Clinical resistance to the currently recommended extended-spectrum
cephalosporins (ESCs), the last remaining treatment options for
gonorrhea, is being reported.
Gonorrhea may become untreatable, and new treatment options are crucial. We investigated the in vitro activity of
ertapenem, relative to
ceftriaxone, against N. gonorrhoeae isolates and the effects of ESC resistance determinants on
ertapenem. MICs were determined using
agar dilution technique or Etest for international reference strains (n = 17) and clinical N. gonorrhoeae isolates (n = 257), which included the two extensively
drug-resistant (XDR) strains H041 and F89 and additional isolates with high ESC MICs, clinical ESC resistance, and other types of clinical high-level and multidrug resistance (MDR). Genetic resistance determinants for ESCs (penA, mtrR, and penB) were sequenced. In general, the MICs of
ertapenem (MIC(50) = 0.032 μg/ml; MIC(90) = 0.064 μg/ml) paralleled those of
ceftriaxone (MIC(50) = 0.032 μg/ml; MIC(90) = 0.125 μg/ml). The ESC resistance determinants mainly increased the
ertapenem MIC and
ceftriaxone MIC at similar levels. However, the MIC ranges for
ertapenem (0.002 to 0.125 μg/ml) and
ceftriaxone (<0.002 to 4 μg/ml) differed, and the four (1.5%)

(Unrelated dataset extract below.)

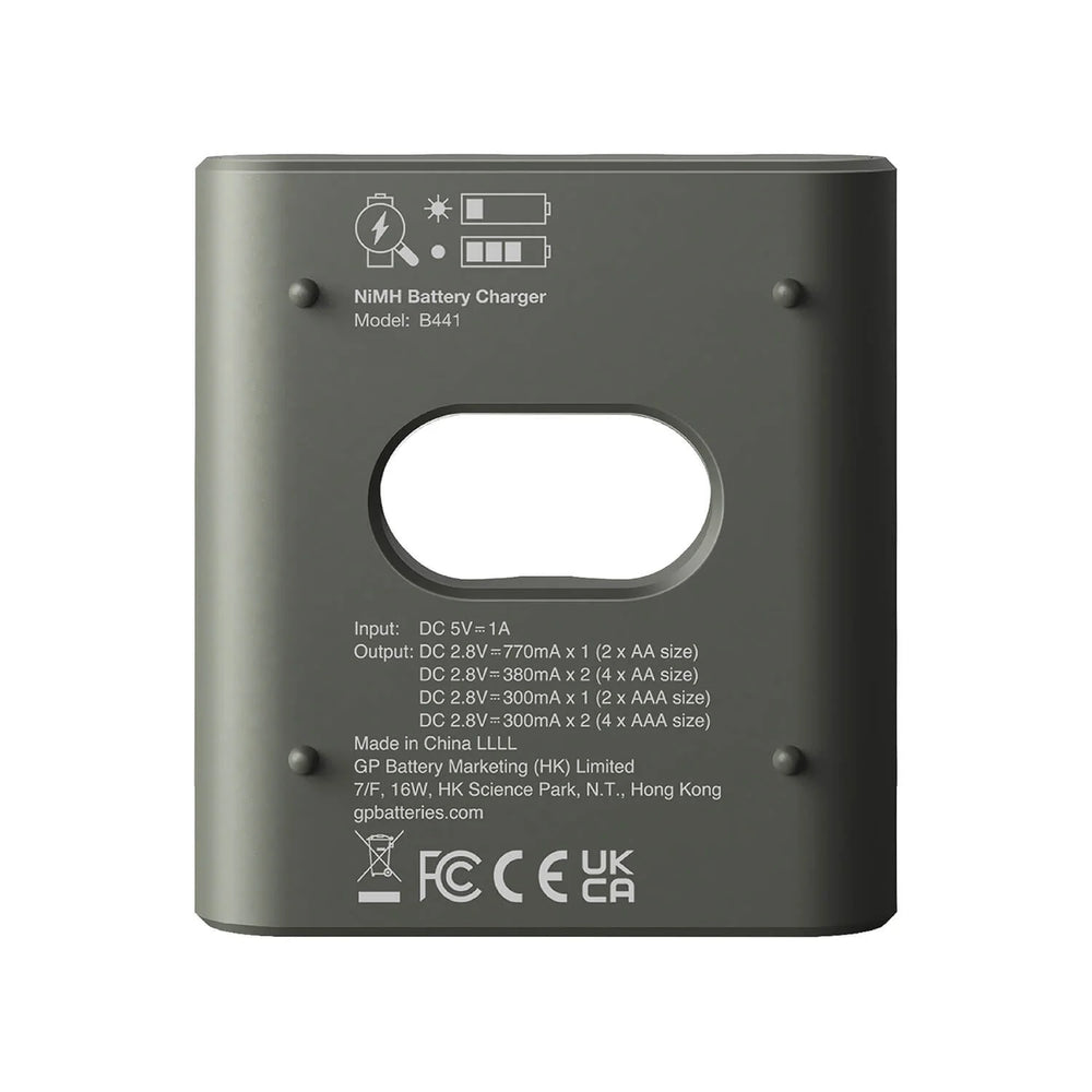 GP:s Everyday Charger B441 er en kompakt og sikker batterioplader med USB-tilslutning.

ceftriaxone-resistant isolates (MIC = 0.5 to 4 μg/ml) had
ertapenem MICs of 0.016 to 0.064 μg/ml. Accordingly,
ertapenem had in vitro advantages over
ceftriaxone for isolates with
ceftriaxone resistance. These in vitro results suggest that
ertapenem might be an effective treatment option for
gonorrhea, particularly for the currently identified ESC-resistant cases and possibly in a dual antimicrobial
therapy regimen. However, further knowledge regarding the genetic determinants (and their evolution) conferring resistance to both antimicrobials, and clear correlates between genetic and phenotypic laboratory parameters and clinical treatment outcomes, is essential.